# M6 + 18-150



## josephandrews222 (Feb 27, 2018)

...the best zoom to have is the (only?!) one you have with you!

Pretty versatile lens.


----------



## Deleted member 378664 (Feb 27, 2018)

Cool,

but isn't that fish a little bit too big for this bald sparrow eagle?

Frank


----------



## Don Haines (Feb 27, 2018)

That is one seriously stubborn eagle!


----------



## HaroldC3 (Feb 28, 2018)

That's a really nice crop and eye for spotting him!


----------



## jolyonralph (Mar 29, 2018)

Great shots. I actually really like the EF-M 18-150 lens.


----------



## AlanF (Mar 29, 2018)

Not nearly long enough, the eagle is far too small . Tamron 18-400? Actually, I've looked at two copies and regretted not buying the first which was very good whereas the second was average and hence poor at 400mm.

(I hate emoticons, but if I don't use them occasionally some people don't realise I am joking and then start a fight.)


----------



## kelceyb (Mar 31, 2018)

Nice eye! I picked up the 18-150 used for ~$250 on ebay. Its nice to have in my bag but I find I don't usually keep it on camera when I'm out.


----------



## neuroanatomist (Mar 31, 2018)

kelceyb said:


> Nice eye! I picked up the 18-150 used for ~$250 on ebay. Its nice to have in my bag but I find I don't usually keep it on camera when I'm out.



I use the M11-22 more, but that lens plus the M6 and M18-150 are my current travel kit. Helps that they share the same filter size (although to be honest, I've not yet picked up a 55mm 10-stop ND, I just put my 82mm one in the outer pocket of the Mirrorless Mover 10, and handhold the filter in front of the lens).


----------



## KeithBreazeal (Apr 1, 2018)

neuroanatomist said:


> kelceyb said:
> 
> 
> > Nice eye! I picked up the 18-150 used for ~$250 on ebay. Its nice to have in my bag but I find I don't usually keep it on camera when I'm out.
> ...



The 11-22mm is one great lens and stays on the M5. Wide enough for some creative work.

This shot was with the 11-22mm on the M5.



Bodie storm and tilted crappers 0814 © Keith Breazeal by Keith Breazeal, on Flickr


----------



## josephandrews222 (May 8, 2018)

...a reason to make great use of the M platform is size-and-weight.
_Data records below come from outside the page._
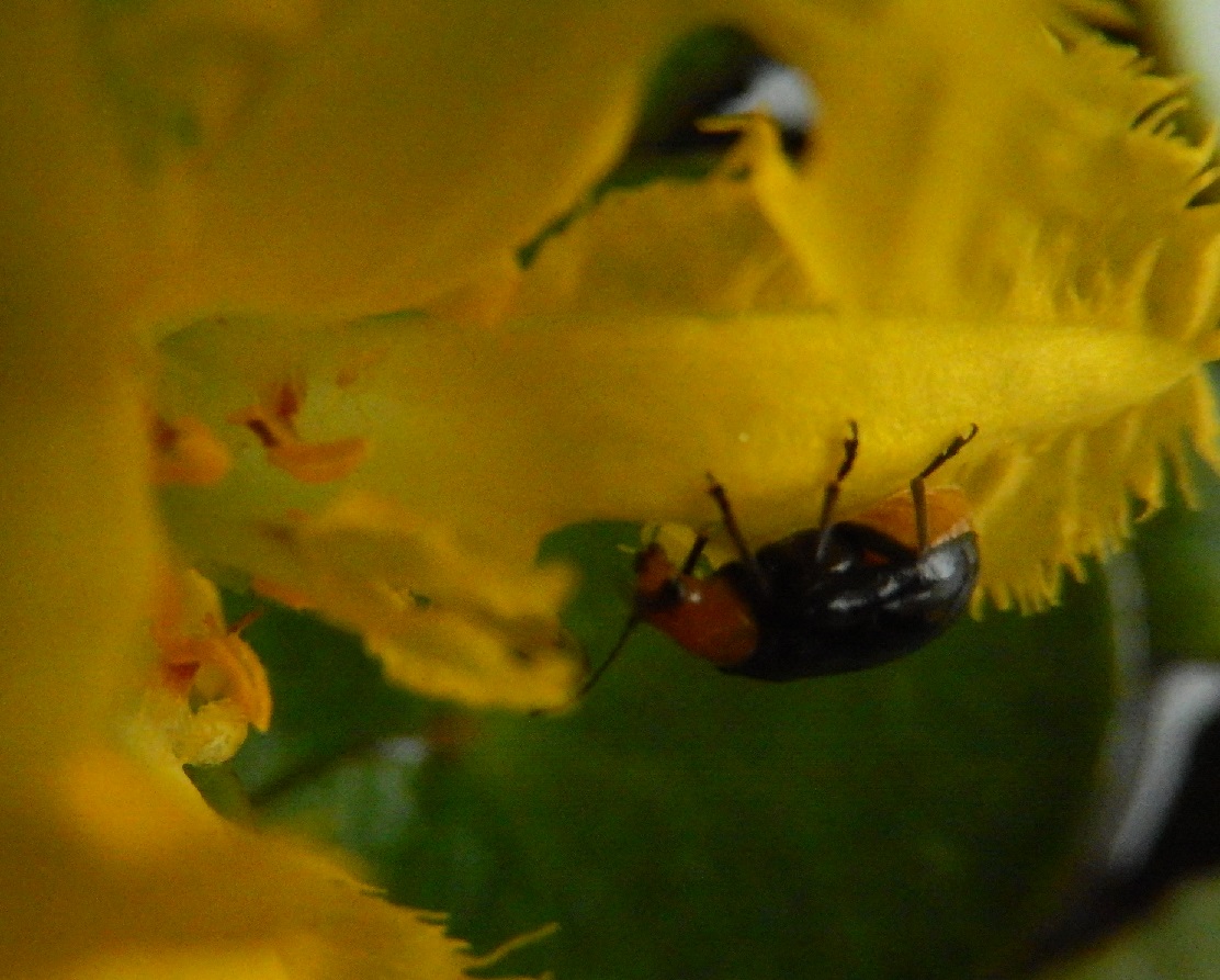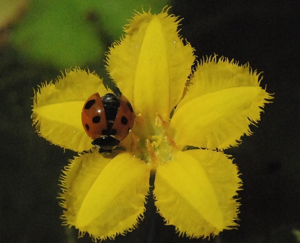 ナナホシテントウが花の上にいました。アサザの栽培容器では,たまにみかけます。何をしているかは不明です。
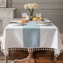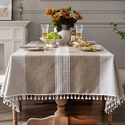 - DURABLE MATERIAL – Manufactured from super, hard wearing 100% heavy cotton linen fabric, with a seamless construction that won’t easily fray after long term use; Linen tablecloth, tassel length included, totally measures 60″ in Diameter; Fits a table that measures 20 – 45 inches in diameter
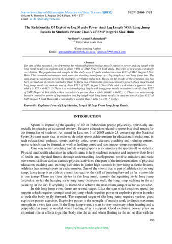 Ardison, Ardison and Rahmadani, Ahmad (2024) The Relationship Of Explosive Leg Muscle Power And Leg Length With Long Jump Results In Students Private Class Viii1 SMP Negeri 6 Siak Hulu. International Journal Of Humanities Education and Social Sciences, 4 (1). pp. 499-507. ISSN 2808-1765
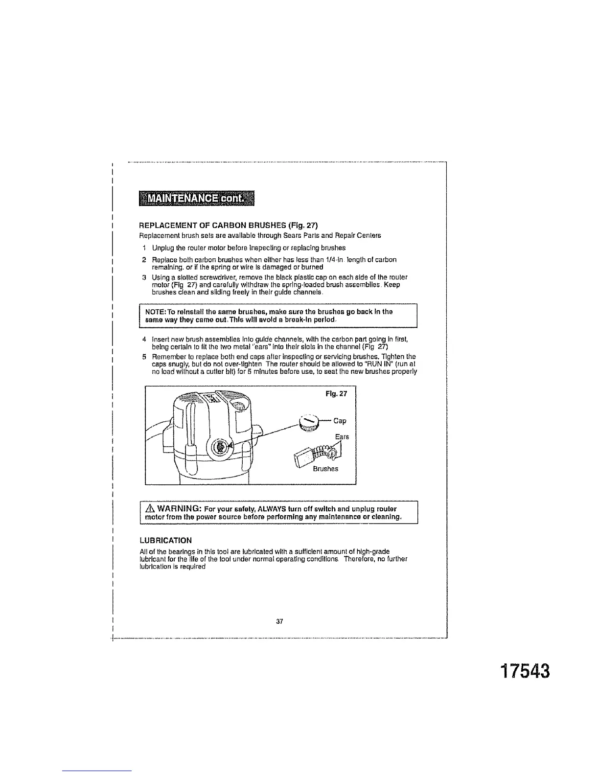 Z_ WARNING: For your safety, ALWAYS turn off switch end unplug routermotor from the power source before performing any maintenance or cleaning°
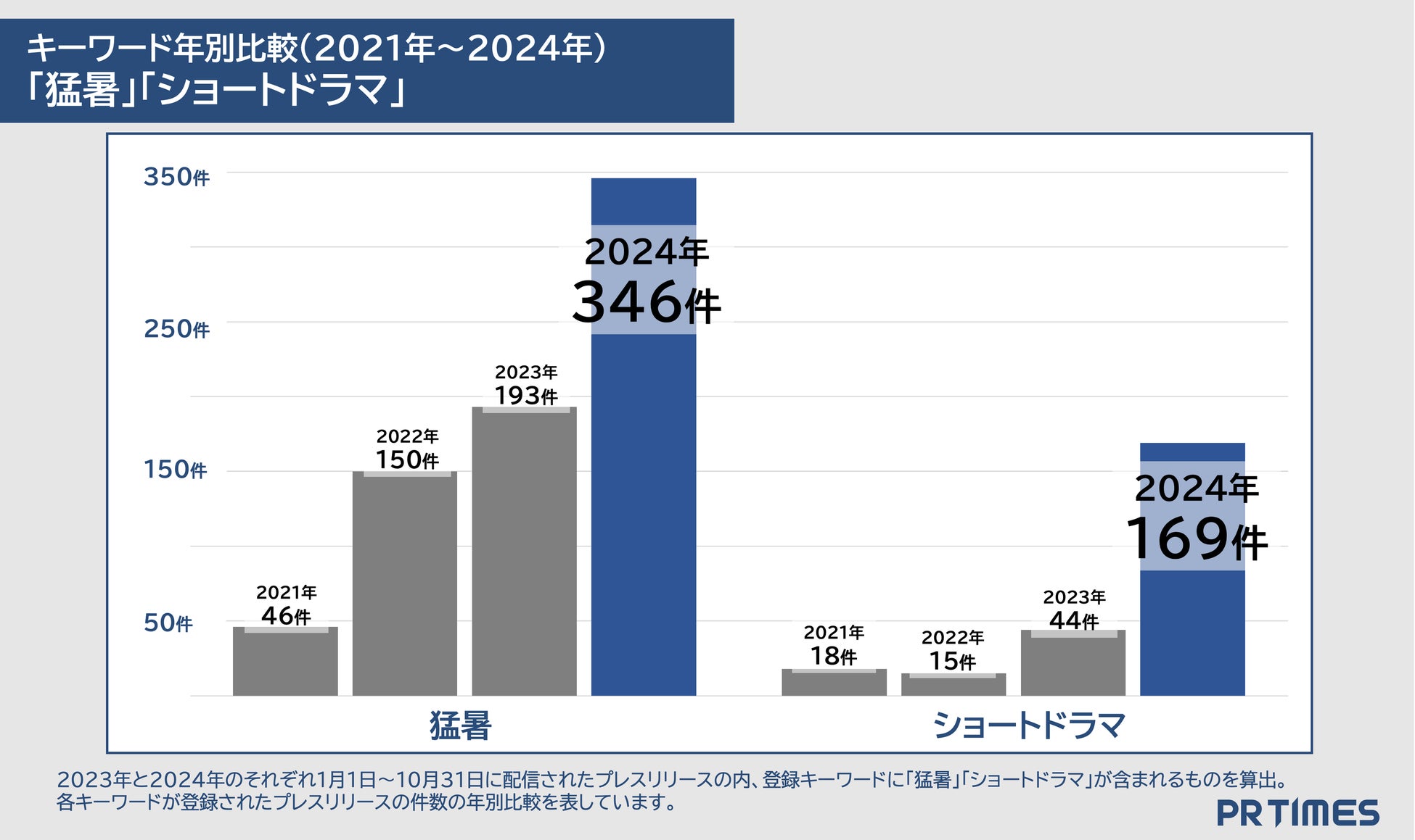 株式会社PR TIMES(本社:東京都港区、代表取締役:山口 拓己、東証プライム:3922)は2024年11月28日(木)、運営するプレスリリース配信サービス「PR TIMES」において、2024年1月1日〜2024年10月31日に企業から発表いただいたプレスリリース総計32万8938件を対象に、データ分析と総括、業界分析と各種ランキングなどを発表いたしました。
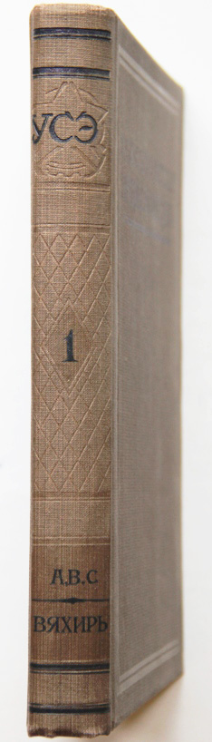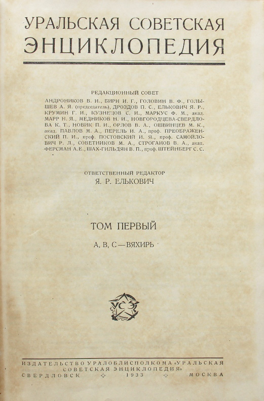 Уральская советская энциклопедия. Ответственный редактор Я.Р.Елькович. Том первый [единственный]: А, В, С - Вяхирь. Свердловск - М.: издательство Уралоблисполкома «Уральская советская энциклопедия, 1933. 854 стлб.; с илл. в тексте и 19 илл. на отдельных листах. 25,8 х 17,5 см. В издательском переплете. Отличная сохранность.
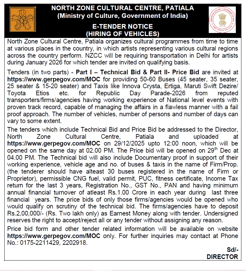Dec 19, 2025 NZCC निविदाओं Comments Off on वाहनों के किराये के लिए ई-टेंडर सूचना
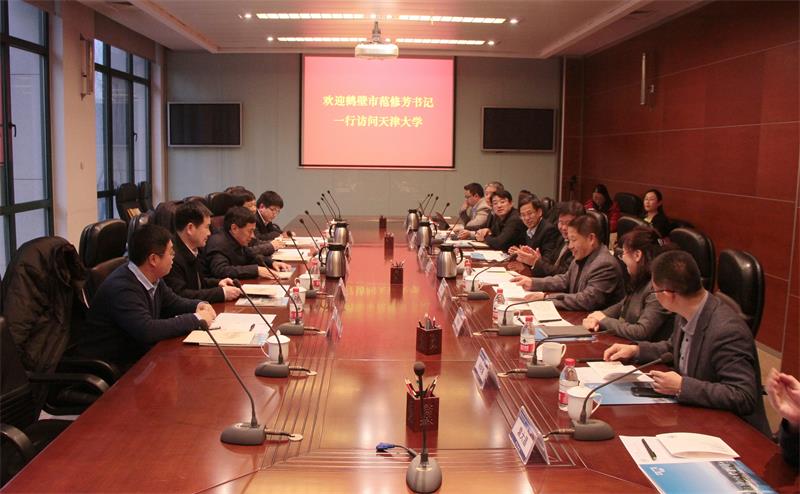 本站讯(通讯员 孙亮)12月9日下午,河南省鹤壁市市委书记范修芳一行5人访问天津大学,洽谈市校合作相关事宜。校党委书记、校友总会会长刘建平在卫津路校区会议楼贵宾室亲切会见来宾,副校长、新利18网址登录 院院长、校友总会副会长元英进与来宾在第一会议室举行了工作会谈。鹤壁市委常委、市委秘书长李成宽,科技局局长秦志军,规划局副局长李松涛,国立光电董事长朱明甫陪同来访;设计总院院长洪再生、党委书记余敬海,校友总会常务副秘书长、校友与基金事务处处长李秀民,海洋学院党总支书记、常务副院长牛志广,新利18网址登录 院副院长杨明海,设计总院副院长张锡治、袁大昌,经管学部党委副书记施亮星等陪同会见及会谈。

The EW-60F lens hood for the EF-M 18-150mm lens is, of course, plastic and oh-so-light.

But when properly attached to the 18-150 lens, the EW-60F lens hood adds a little over an inch to the length of the lens, and to the device.

I've been trying a lot of lens and body combinations recently, and for several days I was unable to locate the EW-60F lens hood.

Not to worry--dozens of shots sans hood, to my (corrected!) 20-15 vision, looked just fine...

Other than prevention of rarely-occurring lens flare and simple physical protection, does the presence of a lens hood on an EF-M 18-150mm lens accomplish much of anything?

Restating: the appeal of the M series, to me, is its compact profile. I found the hoodless 18-150mm lens, when mated to the M6, to fit a little better inside both of the bags that I use when out-and-about.


----------